La doctrina social católica dice que el objetivo final que buscamos es un auténtico desarrollo humano.  Vemos personas que buscan el progreso, tratando de hacer más, saber más y ser más.  Cuando hacemos un claro acto de entrega y colaboración en la búsqueda de lograr alcanzar el desarrollo humano para todos, hay un contexto real para la esperanza.

Cuando el desarrollo se alcanza a expensas de los demás, este no es el desarrollo humano que buscamos.  En el desarrollo integral, aspiramos y nos esforzamos por “el bien del hombre, cada hombre, cada agrupación de hombres, hasta la humanidad entera.”2  Si otros siguen sufriendo la pobreza, el hambre, la enfermedad, la injusticia, no podemos hablar de un auténtico desarrollo humano.

El mundo que vemos hoy es un mundo de sufrimiento y de desarrollo desigual.  Donde hay situaciones de subdesarrollo, Populorum Progressio dice que la falta de este desarrollo se debe a la persona humana, a la falta de solidaridad y la falta de actuar de manera que se promueva el bien común.

La Congregación General 35 reconoce la importante labor de la justicia estructural.  Si bien ha habido algunos logros en el alivio de la pobreza y algunos han dejado atrás el umbral que la marca, la brecha entre ricos y pobres en los países y entre las naciones sigue siendo significativo.  La globalización, vista desde los ojos de los que viven en la marginalidad, parece ser una fuerza que excluye y explota, más que incluye y levanta a los a pobres.3

Referencias:

1. Sanar un Mundo Herido, Promotio Iustitiae no 106, Septiembre 2011
2. Populorum Progressio (14).

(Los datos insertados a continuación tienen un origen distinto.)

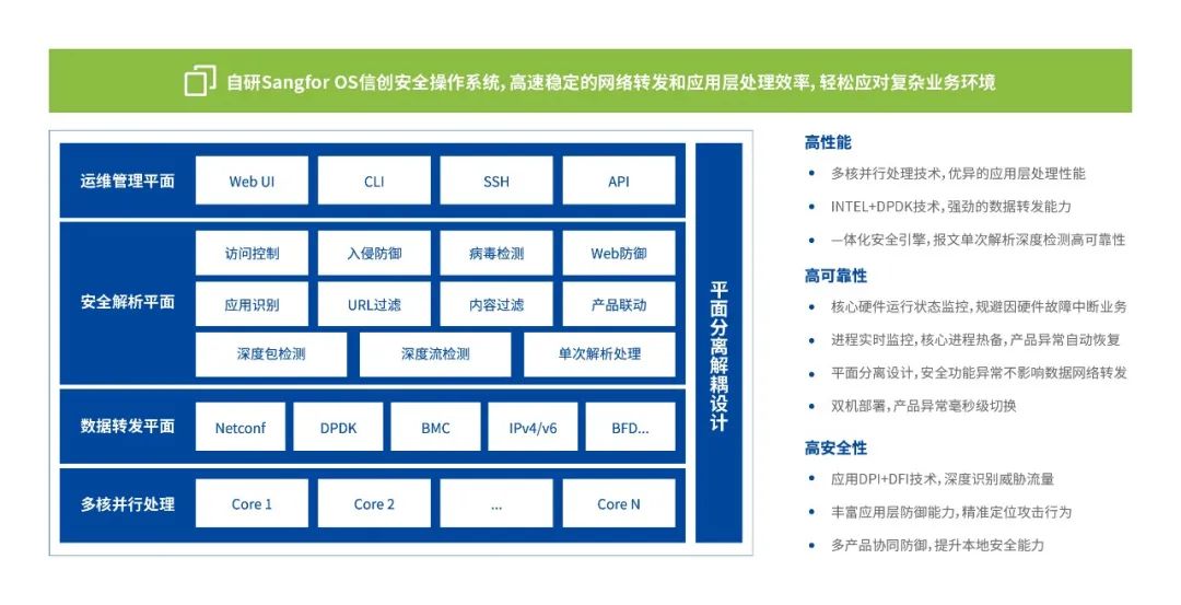 性能领先:软件定义可靠,通过创新驱动软件优化,保持信创环境下性能领先。如:自研Sangfor OS,文件系统读写性能提升20%,页表大小减少93%,内存占用降低30%;信创版本软件优化,整体性能提升20%~30%以上,部分产品性能可提升50%;零信任产品拥有国内唯一百万并发实践,性能大幅领先。
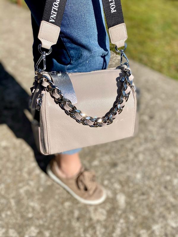 Колір: БЕЖ🍮 ⠀ Стильна жіноча шкіряна сумочка! Хітова модель! Матеріал: НАТУРАЛЬНА ШКІРА. ⠀ Розміри: Ширина-24 см. Висота-19 см. Глибина-13 см. ⠀ Доступні кольори: чорний, чорний лак, чорний замш+шкіра, беж, блакитний лак🌈 ( по наявності і цінах уточнюйте, будь ласка!!!). ⠀ У комплекті два ремінці: - текстильний широкий (довжина 98 см) і тонкий довгий (максимальна довжина 130-132 см, регулюється). Всередині одне загальне відділення розділене кишенею на блискавці + кишеньки по боках. З тильного боку кишеня, що закривається змійкою. НАЯВНІСТЬ І ФОРМУ ОПЛАТИ ОБОВ'ЯЗКОВО УТОЧНЮЙТЕ ПЕРЕД ЗАМОВЛЕННЯМ У ОСОБИСТИХ ПОВІДОМЛЕННЯХ📩
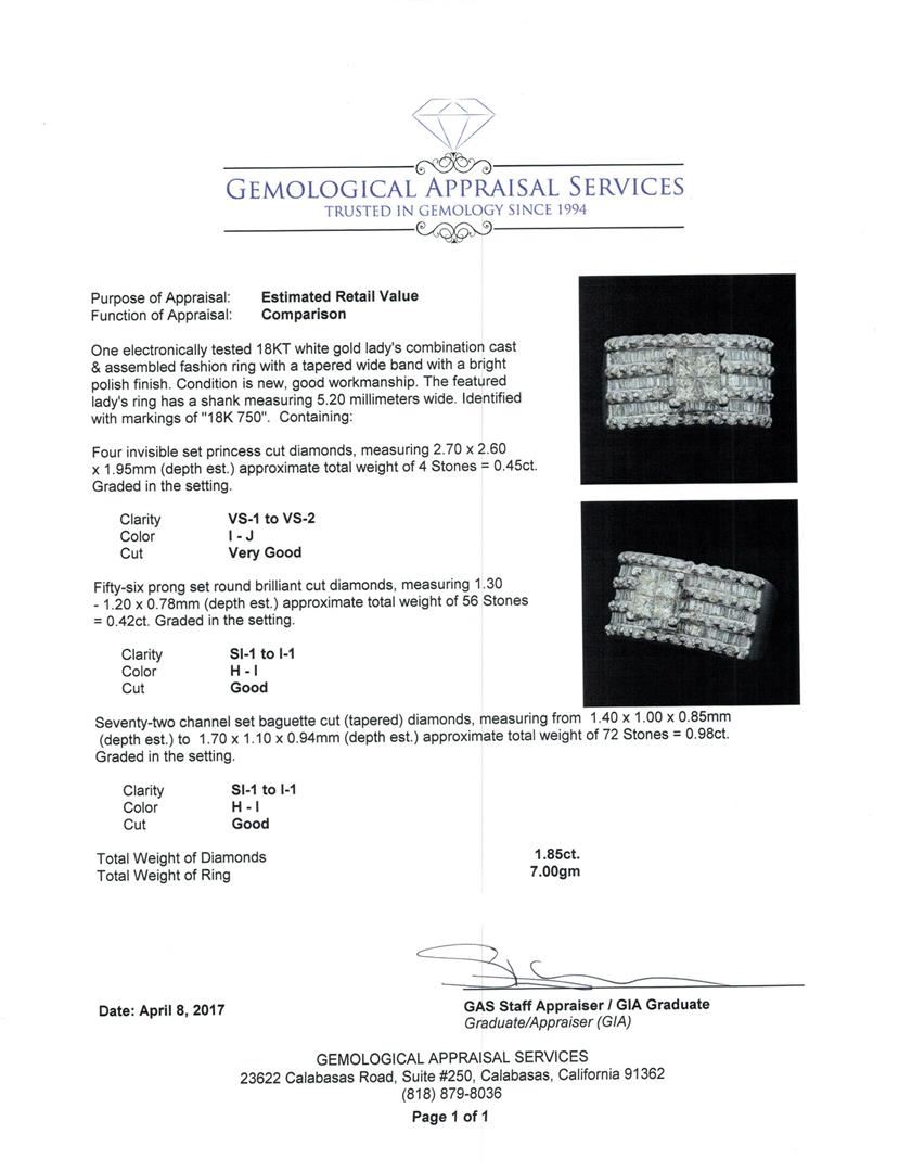 One electronically tested 18KT white gold lady's combination cast & assembled fashion ring with a tapered wide band with a bright polish finish. The featured lady's ring has a shank measuring 5.20 millimeters wide. Identified with markings of "18K 750". Condition is new, good workmanship. Containing: Four invisible set princess cut diamonds, measuring 2.70 x 2.60 x 1.95mm (depth est.) approximate total weight of 4 Stones = 0.45ct. Graded in the setting. Color I - JClarity VS-1 to VS-2 Cut Very Good Fifty-Six prong set round brilliant cut diamonds, measuring 1.30 - 1.20 x 0.78mm (depth est.) approximate total weight of 56 Stones = 0.42ct. Graded in the setting. Color H - I Clarity SI-1 to I-1 Cut Good Seventy-Two channel set baguette cut (tapered) diamonds, measuring from 1.40 x 1.00 x 0.85mm (depth est.) to 1.70 x 1.10 x 0.94mm (depth est.) approximate total weight of 72 Stones = 0.98ct. Graded in the setting. Color H - I Clarity SI-1 to I-1 Cut Good. Total Weight of Diamonds 1.85ct. Total Weight of Ring 7.00gm. GAS Appraised.
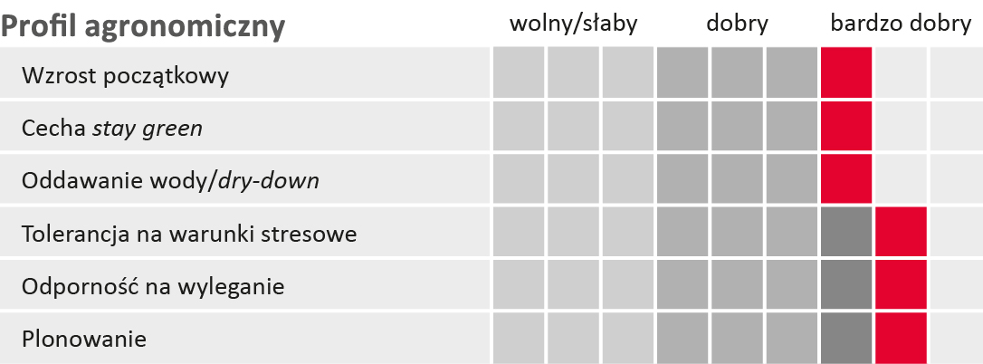 - Bardzo dobry profil agronomiczny – odporność na wyleganie i odporność na choroby
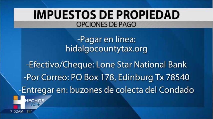 También puede pagar con efectivo o cheque en todas las localidades de Lone star National Bank en el condado Hidalgo.

Carta encíclica de papa Pablo VI promulgada el 26 de marzo de 1967
3. Congregación General 35 de la Compañía de Jesús, Decreto 3, no. 25

Este texto es un extracto de la presentación de “Compromiso con Sanar un Mundo Herido” el pasado 16 de julio 2013 durante el “Foro Mundial: Sostenibilidad y Prácticas de Negocio” en la Escuela de Negocios John Cook, Universidad de Saint Louis, en Missouri, EE.UU.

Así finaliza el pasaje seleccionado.